*Work required*
Skipping the images, transcribe each record below as it is.

*Supplied data*
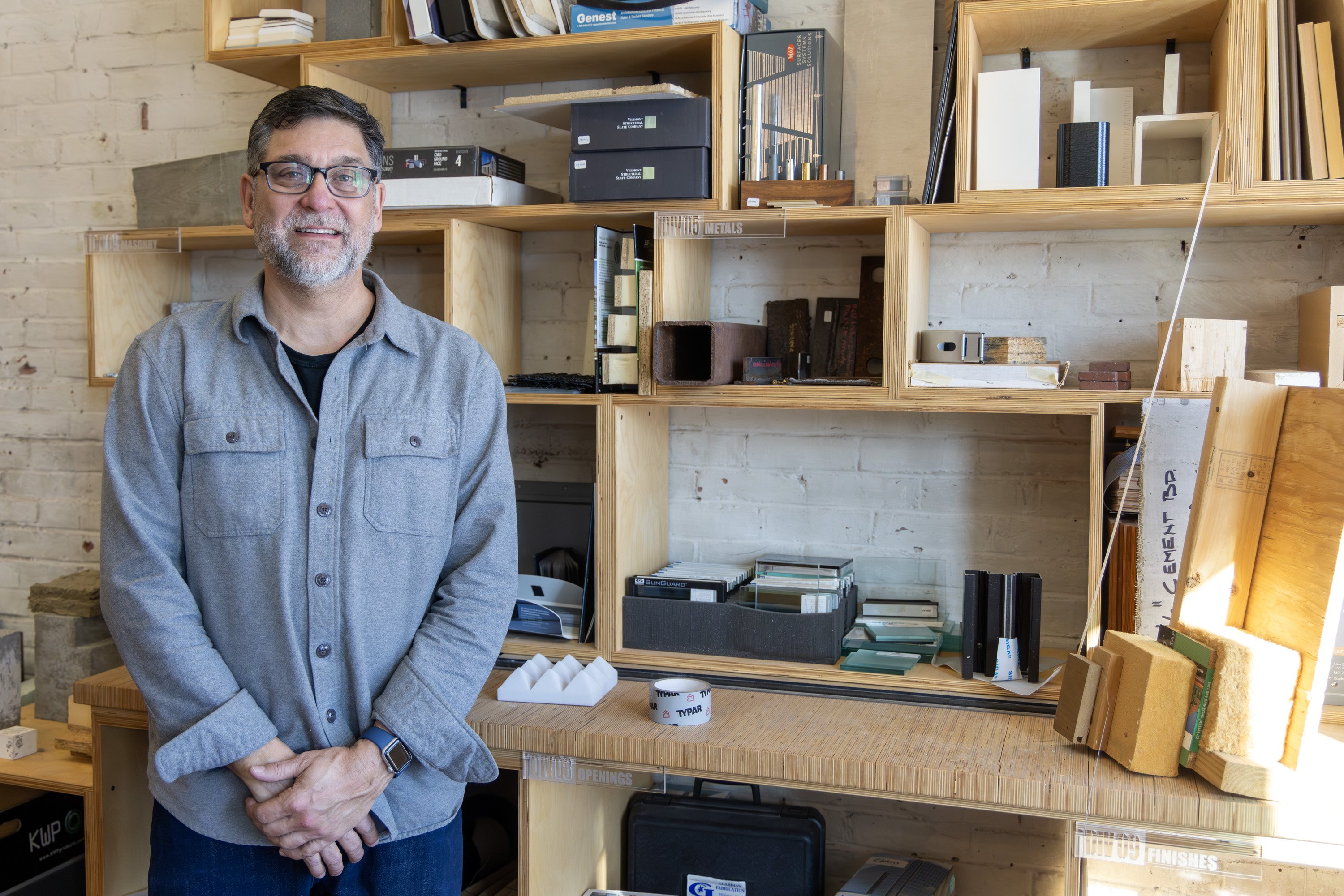 Eric Stark, a professor of architecture at the University of Maine at Augusta, stands in front of the material library in Handley Hall on Thursday. The library gives students a sense of available materials, from stone and slate to wall systems. (Anna Chadwick/Staff Photographer)
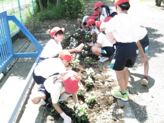みんなで協力して、ニチニチソウを丁寧に植えることができました。
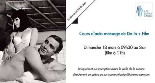 Afin que votre rencontre avec les oeuvres projetées aux cinémas Star se déroule au mieux, ’Les mains sages’ vous proposent de venir au cinéma et de préparer au mieux votre séance. Dans une salle calme et lumineuse, découvrez en première partie de votre séance de cinéma un cours d’automassage : le Do-in. Cette technique d’auto-massage qui associe pressions, frictions et tapotements des doigts sur l’ensemble du corps apaise, relaxe et revitalise.
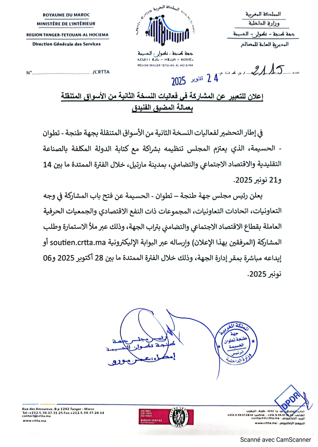 Le Conseil de la Région Tanger-Tétouan-Al Hoceïma a lancé une plateforme numérique afin de faciliter la réception des demandes de soutien dans les secteurs suivants :Sport - Culture - Économie sociale et solidaire ,Cela s'inscrit dans le cadre des conventions de partenariat conclues avec les secteurs concernés.
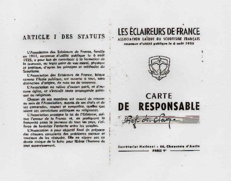 L’Association des Éclaireurs de France, laïque comme l’école publique, est ouverte à tous, sans distinction d’origine, de race ou de croyance. L’Association ne relève d’aucun parti, ni d’aucune église, et s’interdit toute propagande politique ou religieuse.

*Solution below*
 Eric Stark, a professor of architecture at the University of Maine at Augusta, stands in front of the material library in Handley Hall on Thursday. The library gives students a sense of available materials, from stone and slate to wall systems. (Anna Chadwick/Staff Photographer)
みんなで協力して、ニチニチソウを丁寧に植えることができました。
 Afin que votre rencontre avec les oeuvres projetées aux cinémas Star se déroule au mieux, ’Les mains sages’ vous proposent de venir au cinéma et de préparer au mieux votre séance. Dans une salle calme et lumineuse, découvrez en première partie de votre séance de cinéma un cours d’automassage : le Do-in. Cette technique d’auto-massage qui associe pressions, frictions et tapotements des doigts sur l’ensemble du corps apaise, relaxe et revitalise.
 Le Conseil de la Région Tanger-Tétouan-Al Hoceïma a lancé une plateforme numérique afin de faciliter la réception des demandes de soutien dans les secteurs suivants :Sport - Culture - Économie sociale et solidaire ,Cela s'inscrit dans le cadre des conventions de partenariat conclues avec les secteurs concernés.
 L’Association des Éclaireurs de France, laïque comme l’école publique, est ouverte à tous, sans distinction d’origine, de race ou de croyance. L’Association ne relève d’aucun parti, ni d’aucune église, et s’interdit toute propagande politique ou religieuse.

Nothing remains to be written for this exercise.